Entre temps, il a trouvé le temps de créer un label, Allido Records, ainsi que de contribuer à la trés bonne compilation de reprises de RadioHead ("Exit Music: Songs with Radio Heads"). Avec un CV aussi impressionant à un tel age, Mark était attendu au tournant avec "Version", son deuxième album. Transformation réussie dés la première mi-temps et confirmation du statut du producteur le plus chaud du moment.

"Version" est donc un petit album produit entre amis jeunes, beaux et célèbres (comme d'habitude ce déconneur de Robbie Williams à réussi a s'incruster pendant l'apéro), mais avec un grand résultat. On retrouve le son vintage de Ronson sur des standards de genre éclectique: soul avec "Valerie", pop sur la reprise de "God Put a Smile upon Your Face" de Coldplay, le "Stop Me" de Smiths, ou encore jazzy sur l'instrumental "Inversion".

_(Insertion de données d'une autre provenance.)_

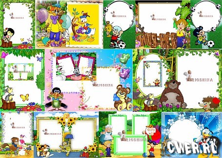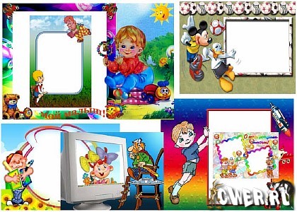 18 детских фоторамок в PNG формате, размер: 3307*2362, разрешение: 300 dpi, 107Mb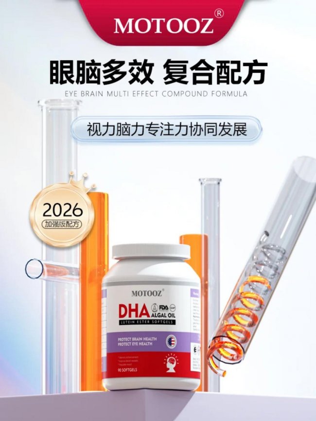 MOTOOZ 学霸 DHA 深耕青少年脑眼营养领域,力求将科学的全龄段营养补充理念融入孩子的学习成长,定位始终聚焦 “脑眼双补,赋能升学备考”,目标直指 2-18 岁人群不同阶段的脑发育与用眼需求。国际权威的 FDA 认证和 GMP 生产认证为它打下了深厚的信赖基础,从幼儿期的大脑与视力基础发育,到中小学的专注力提升,再到初高中升学备考的高强度用脑用眼,全年龄段人群都能拿到精准的营养补充方案,一站式满足不同学习阶段的核心需求。

Beats hip-hop voire hip-pop, mélange de mélodies éternelles et de pré-amplis à lampe, de standards obscurs ou de tubes commerciaux planétaires (la reprise alcoolisée du "Toxic" de Britney Spears, repris par Ol' Dirty Bastard, médaillé d'or de la défonce du Wu-Tang Clan que l'on pensait porté disparu ou en vacances avec Chuck Norris) on ne sait si cet album résistera au temps mais en tout cas il sera, j'en suis certain, l'un des meilleurs de 2007. A acheter non d'urgence, mais avec confiance.

Mark Ronson - "Version" (2007-Allido/Columbia UK)

01 - "God Put a Smile upon Your Face" (Feat. Daptone Horns) - Originally by Coldplay
02 - "Oh My God" (Feat. Lily Allen) - Originally by Kaiser Chiefs
03 - "Stop Me" (Feat. Daniel Merriweather) - Originally by The Smiths
04 - "Toxic" (Feat. Tiggers and Ol' Dirty Bastard) - Originally by Britney Spears
05 - "Valerie" (Feat. Amy Windehouse)
06 - "Apply Some Pressure" (Feat. Paul Smith) - Originally by Maxïmo Park
07 - "Inversion"
08 - "Pretty Green" (Feat. Santo Gold) - Originally by The Jam
09 - "Just" (Feat. Phantom Planet) - Originally by Radiohead
10 - "Amy" (Feat. Kenna) - Originally by Ryan Adams
11 - "The Only One I Know" (Feat. Robbie Williams) - Originally by The Charlatans
12 - "Diversion"
13 - "L.S.F." (Feat. Kasabian) - Originally by Kasabian
14 - "Outversion"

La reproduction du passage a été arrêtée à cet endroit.